══ Available data ══
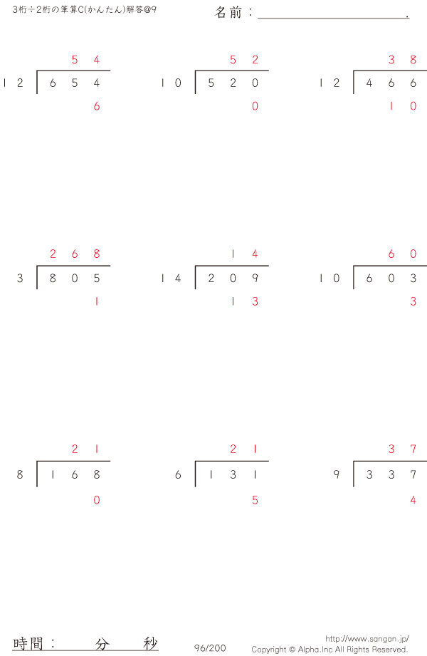 3桁÷2桁の筆算0(20までの数値で割る)@9 [解答]096/200
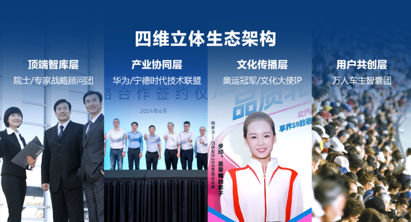“品牌摯友計(jì)劃”是北汽集團(tuán)“品牌三年躍升行動(dòng)”的重要引擎,構(gòu)建一個(gè)“四維立體生態(tài)”:頂端智庫層,邀請(qǐng)?jiān)菏俊<摇⒔?jīng)濟(jì)學(xué)家組成戰(zhàn)略顧問團(tuán);產(chǎn)業(yè)協(xié)同層,與華為、寧德時(shí)代等合作伙伴共建技術(shù)品牌聯(lián)盟;文化傳播層,攜手奧運(yùn)冠軍、文化名人打造"美好出行大使"IP;用戶共創(chuàng)層,建立萬人級(jí)車主智囊團(tuán)。除了外部資源,品牌摯友計(jì)劃還將逐步拓展至20位內(nèi)部管理者及300名KOE員工。
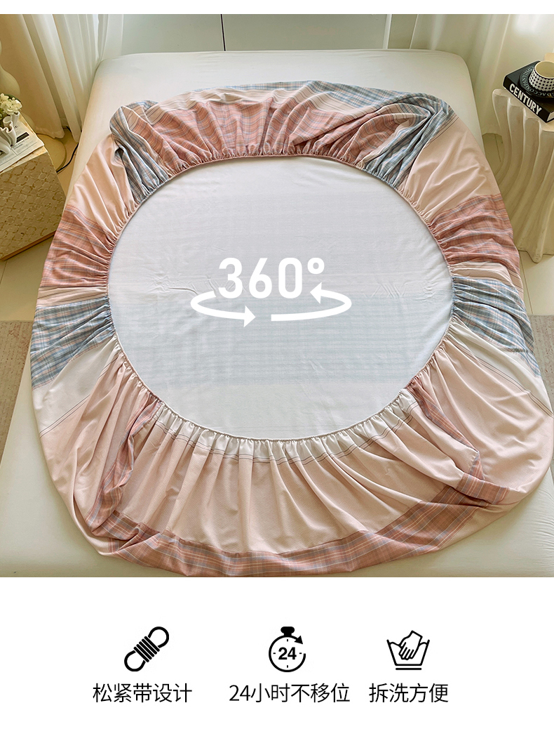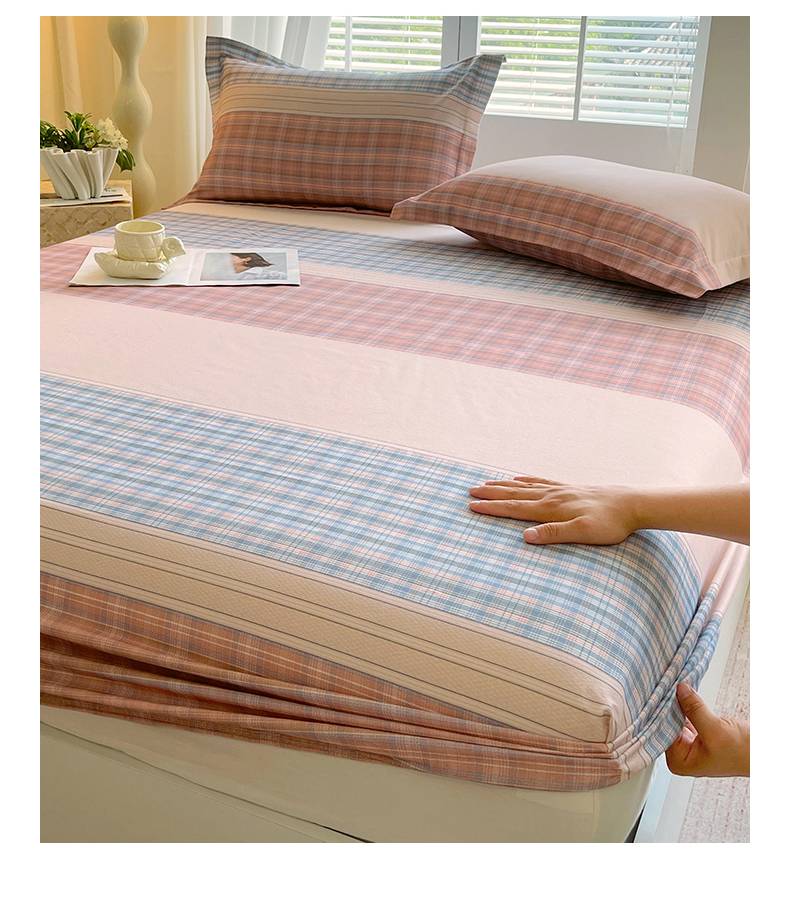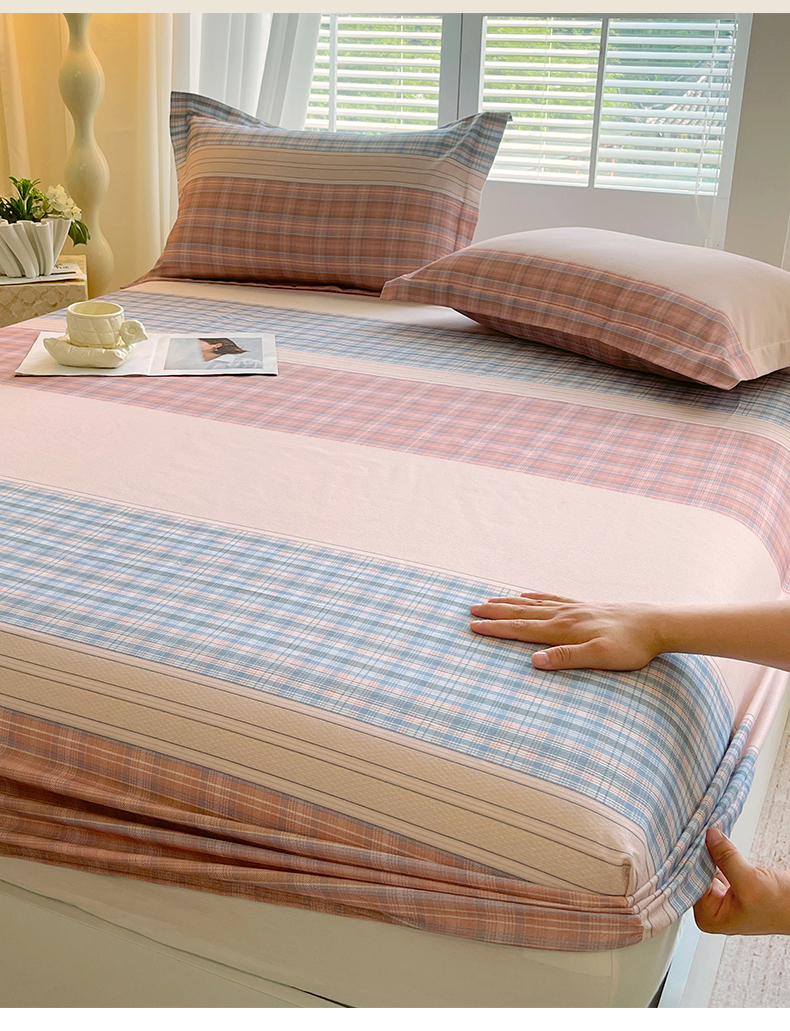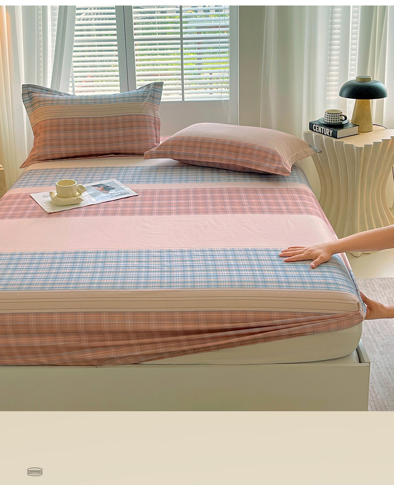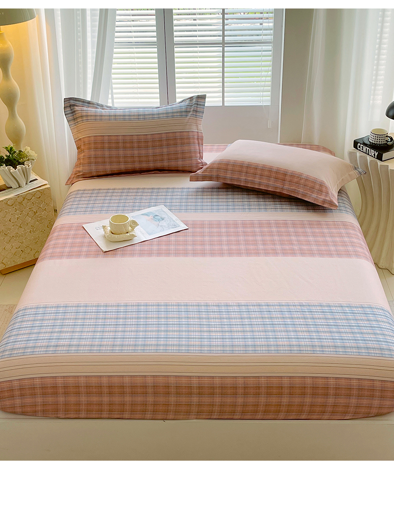凯磊家纺 2025新款AB版加厚磨毛系列单床笠 柔粉线条
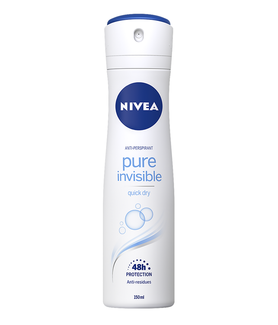 Chcete se zbavit nepříjemného pocení? Udělejte to bez bílých stop na pokožce i šatech! Nejúčinnější složení bez alkoholu* redukuje pocení až po dobu 48 hodin. Obklopte se jedinečným pocitem čistoty, péče a lehké svěží vůně. NIVEA Sprej antiperspirant Pure Invisible.
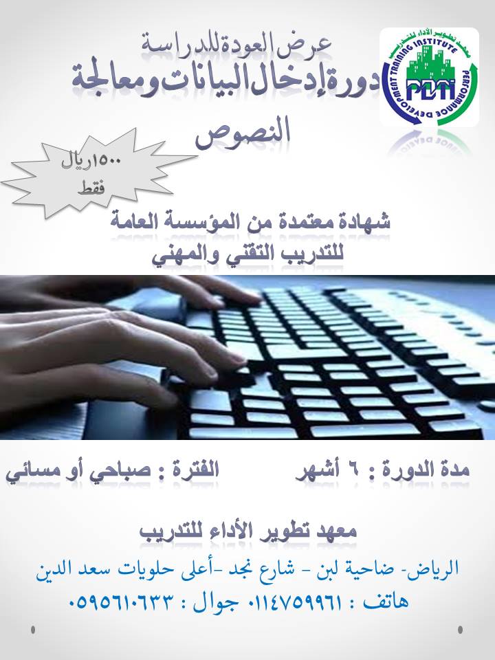 دورة إدخال البيانات ومعالجة النصوص مدتها ( ستة أشهر )
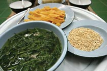 Mâm cơm với canh rau rớn, ca la thầu và gạo rang |
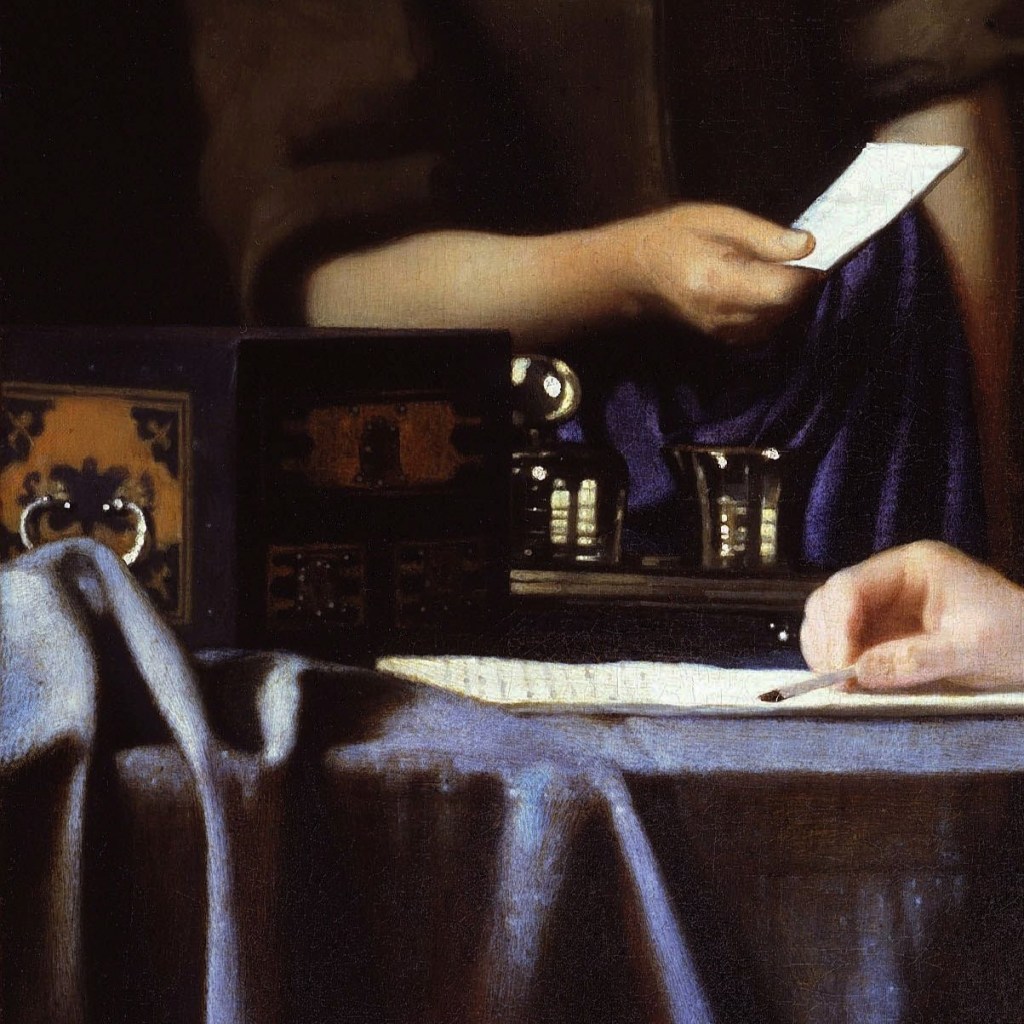 Pojedini umetnici moraju da sačekaju druge umetnike ili kritičare nekoliko vekova ne bi li njihova dela bila adekvatno osvetljena, ne bi li draperija, nalik onima koje je Vermer slikao, bila do kraja povučena, ne bi li do kraja osvetlila značenjski prostor slike. Odnosi Džejmsovih i Prustovih junaka, fizički posmatrano, mogu imati slilčan položaj Vermerovim naslikanim parovima. U pitanju su susreti koje svetlost, ono što određuje atmosferu, čini dvosmislenim, a takvi su odnosi i mnogih parova ova dva pisca. Otuda toliko orijentalnih stolnjaka: emocija vez je lavirintski složen i u toj tišini on je njihovo glasilo.
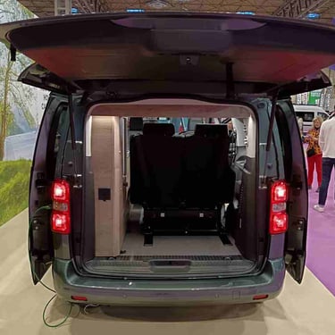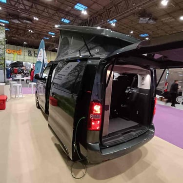 The Citroën Holidays is built on the updated SpaceTourer platform, in collaboration with Slovenian conversion specialist Bravia Mobil. Designed to accommodate up to four occupants, it features a pop-up roof, swivelling front seats, and a fully equipped kitchen.
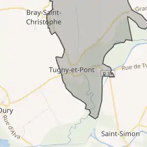 - Розташування муніципалітету Тюньї-е-Пон на мапі Франції та сусідні муніципалітети
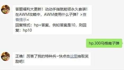 答题福利大更新!动动手指就能领永久套装!在AWM攻略中,AWM使用什么子弹?>查看提示<
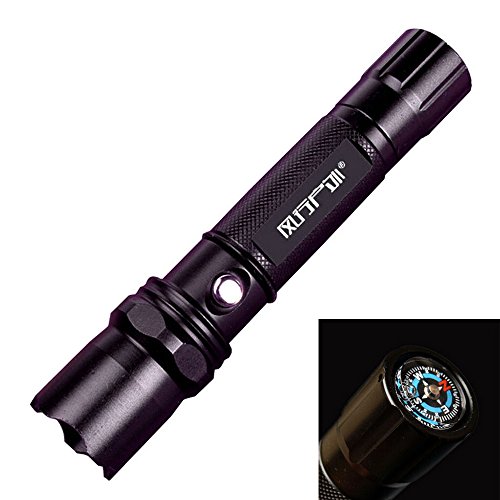 Specifications: * Material: Aluminum alloy * Number of Emitters: 1 * Working Voltage: 1.2~3.7 V * Max Flux: 210 Lumen * LED bulb: CREE LED * Battery Configuration: 1 x 18650 battery(Not included) * Runtime: 3-12 hour * Switch Location: medi tap switch(water proof) * Lens: Optical Glass * Reflector: Aluminum Smooth / SMO * Beam Range: 100-200m Package includes: 1 x Strong Light Tail Compass Rechargeable Led Flashlight 18650 Small Torch 1 x Direct charger Kindly note: Compass is just a decoration
═══
--- Activity ---
Word for word, restate the records above and drop the pictures.

--- Solution for this task ---
 3桁÷2桁の筆算0(20までの数値で割る)@9 [解答]096/200
“品牌摯友計(jì)劃”是北汽集團(tuán)“品牌三年躍升行動(dòng)”的重要引擎,構(gòu)建一個(gè)“四維立體生態(tài)”:頂端智庫層,邀請(qǐng)?jiān)菏俊<摇⒔?jīng)濟(jì)學(xué)家組成戰(zhàn)略顧問團(tuán);產(chǎn)業(yè)協(xié)同層,與華為、寧德時(shí)代等合作伙伴共建技術(shù)品牌聯(lián)盟;文化傳播層,攜手奧運(yùn)冠軍、文化名人打造"美好出行大使"IP;用戶共創(chuàng)層,建立萬人級(jí)車主智囊團(tuán)。除了外部資源,品牌摯友計(jì)劃還將逐步拓展至20位內(nèi)部管理者及300名KOE員工。
凯磊家纺 2025新款AB版加厚磨毛系列单床笠 柔粉线条
 Chcete se zbavit nepříjemného pocení? Udělejte to bez bílých stop na pokožce i šatech! Nejúčinnější složení bez alkoholu* redukuje pocení až po dobu 48 hodin. Obklopte se jedinečným pocitem čistoty, péče a lehké svěží vůně. NIVEA Sprej antiperspirant Pure Invisible.
 دورة إدخال البيانات ومعالجة النصوص مدتها ( ستة أشهر )
 Mâm cơm với canh rau rớn, ca la thầu và gạo rang |
 Pojedini umetnici moraju da sačekaju druge umetnike ili kritičare nekoliko vekova ne bi li njihova dela bila adekvatno osvetljena, ne bi li draperija, nalik onima koje je Vermer slikao, bila do kraja povučena, ne bi li do kraja osvetlila značenjski prostor slike. Odnosi Džejmsovih i Prustovih junaka, fizički posmatrano, mogu imati slilčan položaj Vermerovim naslikanim parovima. U pitanju su susreti koje svetlost, ono što određuje atmosferu, čini dvosmislenim, a takvi su odnosi i mnogih parova ova dva pisca. Otuda toliko orijentalnih stolnjaka: emocija vez je lavirintski složen i u toj tišini on je njihovo glasilo.
 The Citroën Holidays is built on the updated SpaceTourer platform, in collaboration with Slovenian conversion specialist Bravia Mobil. Designed to accommodate up to four occupants, it features a pop-up roof, swivelling front seats, and a fully equipped kitchen.
 - Розташування муніципалітету Тюньї-е-Пон на мапі Франції та сусідні муніципалітети
 答题福利大更新!动动手指就能领永久套装!在AWM攻略中,AWM使用什么子弹?>查看提示<
 Specifications: * Material: Aluminum alloy * Number of Emitters: 1 * Working Voltage: 1.2~3.7 V * Max Flux: 210 Lumen * LED bulb: CREE LED * Battery Configuration: 1 x 18650 battery(Not included) * Runtime: 3-12 hour * Switch Location: medi tap switch(water proof) * Lens: Optical Glass * Reflector: Aluminum Smooth / SMO * Beam Range: 100-200m Package includes: 1 x Strong Light Tail Compass Rechargeable Led Flashlight 18650 Small Torch 1 x Direct charger Kindly note: Compass is just a decoration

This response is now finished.